Человек создан для бессмертия, это ясно из Священного Писания. И падение человека, то есть то, что он отвернулся от Бога и стал искать своих путей, и привело к смертности и к умиранию. Есть одно очень озадачивающее место в третьей главе книги Бытия. После того как человек пал, Бог говорит: вот Адам стал, как один из Нас; как бы он не прикоснулся к древу жизни и не стал жить вечно (Быт. 3, 22). Часто это комментируют как жестокую, бессердечную, недостойную насмешку. Но мне кажется, что в этом не насмешка, а признание глубоко трагичной ситуации. Человек мог быть цельным только через единство мужа и жены и единство этой четы с Богом; и в момент, когда раздробилась, разбилась эта чета и разорвалась связь с Богом, каждая из этих особей — Адам, Ева — оказалась хотя и созданной по образу Божию, но лишенной той цельности, которая могла быть вечностью. Кто-то — не из отцов, а из более поздних писателей — говорил, что пока Адам и Ева были одно, если бы они гляделись в зеркало, они видели бы себя как чету и друг друга как взаимное отражение. Когда случилось падение, зеркало разбилось, можно было видеть те же самые лица, но они не составляли уже одно целое, и жизнь уже не могла продолжаться вечно, так же как это зеркало перестало быть целым.
Когда я впервые читал Священное Писание лет в пятнадцать, меня очень поразило свидетельство апостола Павла: Жизнь для меня — Христос, смерть — приобретение, потому что, пока я живу в теле, я отдален от Бога (Флп. 1, 21; 1 Кор. 5, 6). И в другом месте он говорит: Для меня умереть вовсе не значит совлечься временной жизни, то есть ее потерять, а облечься в вечность, то есть войти в вечность уже в такой мере, в какой нельзя ее переживать, будучи в теле. И это мы все знаем в зачаточном смысле. Скажем, мы хотим молиться, душа рвется к Богу, а берет верх усталость души, одолевает усталость тела, и — как волна, которая ударяется об утес, всплескивается кверху и опадает вновь, — этот порыв уже кончен. Мы все знаем на опыте, как самые глубокие, сильные переживания разбиваются о такие простые вещи, как телесная усталость или что-то подобное. Так это бывает жалко и больно: вы сидите, например, с больным человеком, с умирающим, кого вы любите всей своей любовью, и вдруг обнаруживаете, что заснули. Как это можно?! Человек умирает, а я заснул — тело победило. Душа бы бодрствовала, а тело не осилило. Так что в этом отношении апостол Павел выражал что-то очень понятное, когда говорил: Кто меня освободит от этого тела тления, тела, которое меня тянет вниз? — не потому что тело плохо, а потому что оно не пронизано вечной жизнью и поэтому не может меня держать на уровне вечной жизни.

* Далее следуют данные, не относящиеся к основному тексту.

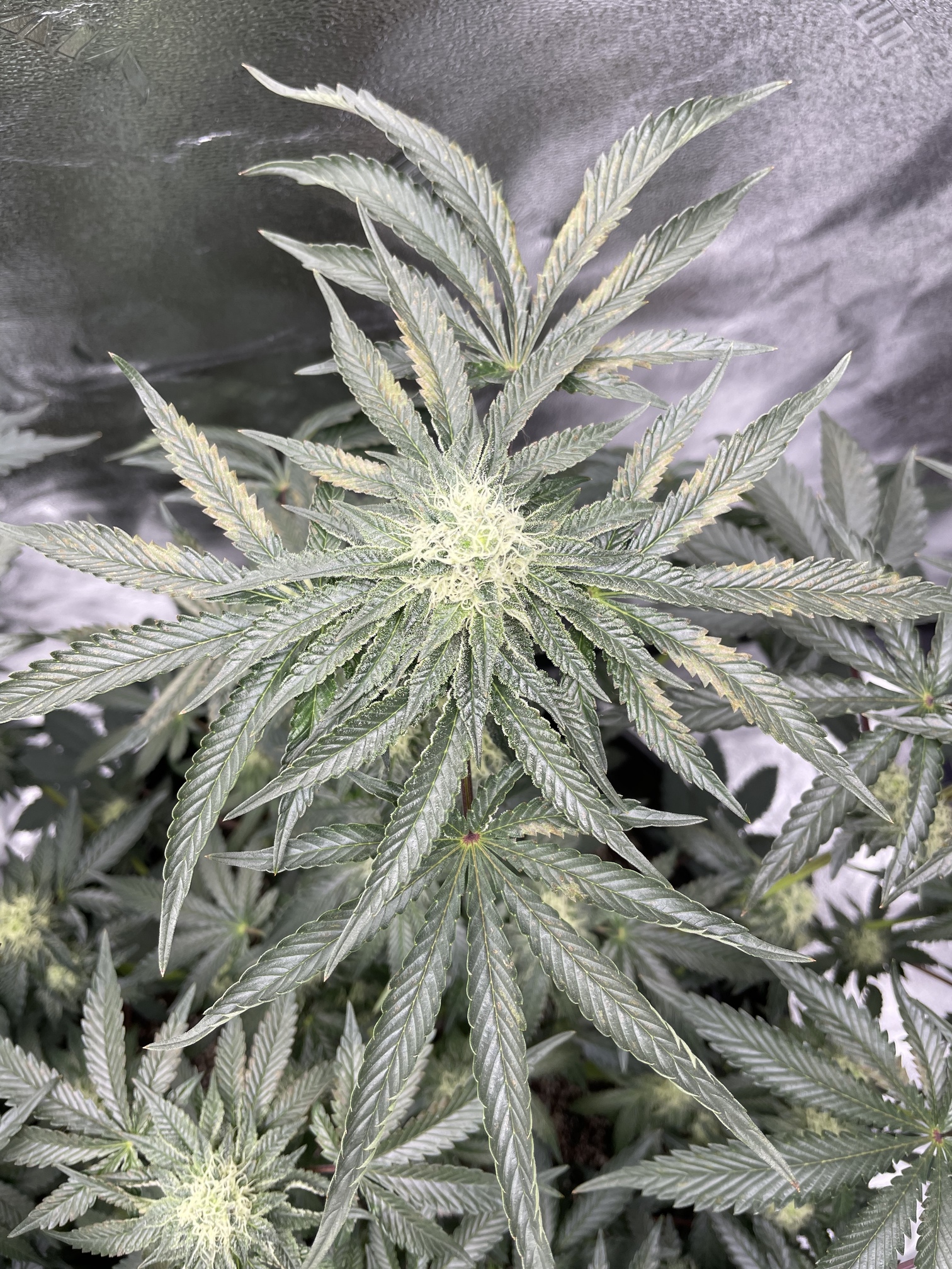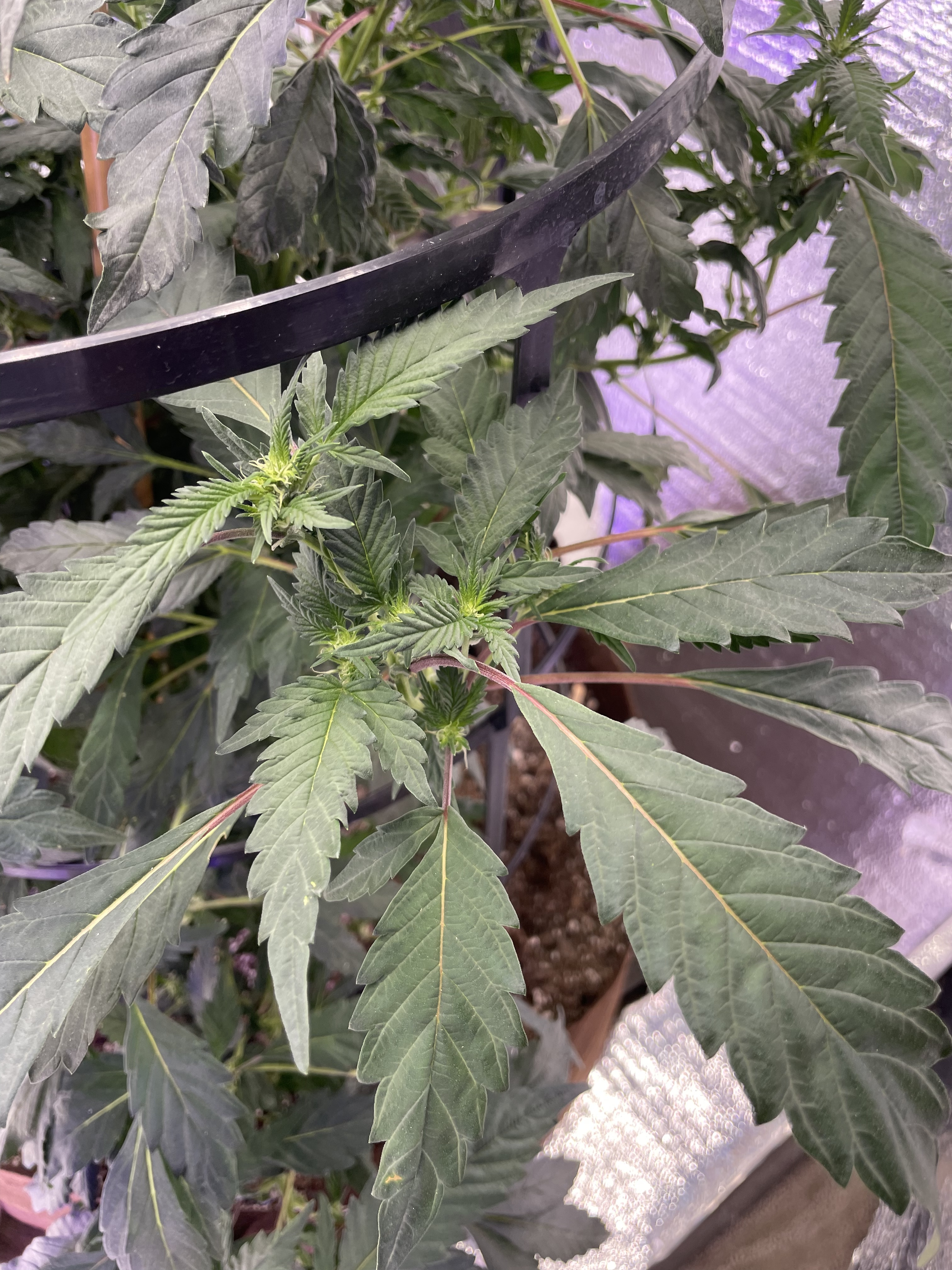 After the “Pre-Flip” defoliation comes "what I like to call ‘Selective Defoliation’ during early - mid flower where I’d only remove fan leaves that are blocking primary bud sites only. Sometimes i’ll just tuck them away!!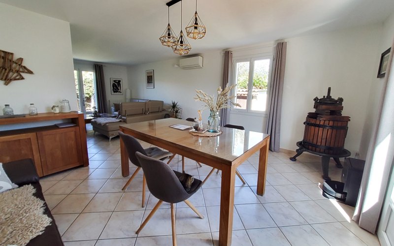 SOLLIES-PONT, située dans un quartier calme et résidentiel, cette agréable villa T4 de plain-pied offre environ 94 m2 habitables sur un terrain de 718 m2. Dès l'entrée, vous apprécierez le placard intégré, le vaste salon-séjour lumineux, la cuisine aménagée, le cellier et un dégagement menant à trois chambres dont une avec placard, une salle de bains et des toilettes séparées. Pour plus de praticité, la maison dispose d'un garage attenant d'environ 18,50 m2 avec espace buanderie, ainsi que d'un sous-sol total de 94 m2 comprenant trois grandes piéces brutes et une salle d'eau avec wc. À l'extérieur, vous profiterez d'une terrasse avec coin barbecue, d'un abri de jardin, d'un double carport et de nombreuses places de stationnement. Cette propriété confortable est équipée de la climatisation réversible, de l'eau de ville et d'un forage. Située au calme, à proximité du centre et des commodités A découvrir rapidement.... Les informations sur les risques auxquels est exposé ce bien sont disponibles sur le site Géorisques : www.georisques.gouv.fr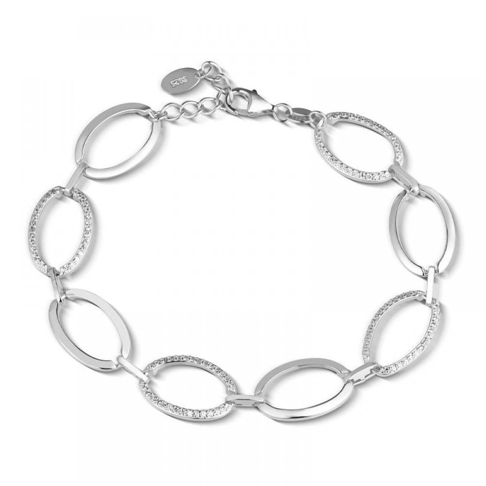 • Ασημένιο βραχιόλι με κρίκους και πέτρες ζιργκόν

И вот когда мы думаем о смерти — своей или чужой, — мне кажется, нам надо помнить, что ни себя, ни другого по-настоящему к смерти приготовить нельзя, так же как нельзя научить человека тому, чему сам не научился. Никто из нас не имеет опыта смерти. Некоторые из нас, когда тяжело болели, может быть, доходили до грани смерти, но вернулись; и поэтому мы можем говорить о постепенном умирании, во всяком случае, те, которые прошли через этот процесс; говорить о том, что смерть стояла перед глазами, могут те, которые были на войне или в какой-нибудь катастрофе; но о самой смерти никто из нас не может сказать ничего; единственно могли бы сказать Лазарь воскресший или Спаситель Христос. О чем же мы можем тогда говорить? Как мы можем готовить себя или другого человека к этому таинственному переходу? Мне кажется, нам может единственно помочь именно то слово апостола Павла, что для него смерть — облечение в вечность. Что мы можем сделать для себя и в какой-то мере для других — это им помочь вырасти в какую-то меру опыта вечной жизни, который снимает страх временного умирания.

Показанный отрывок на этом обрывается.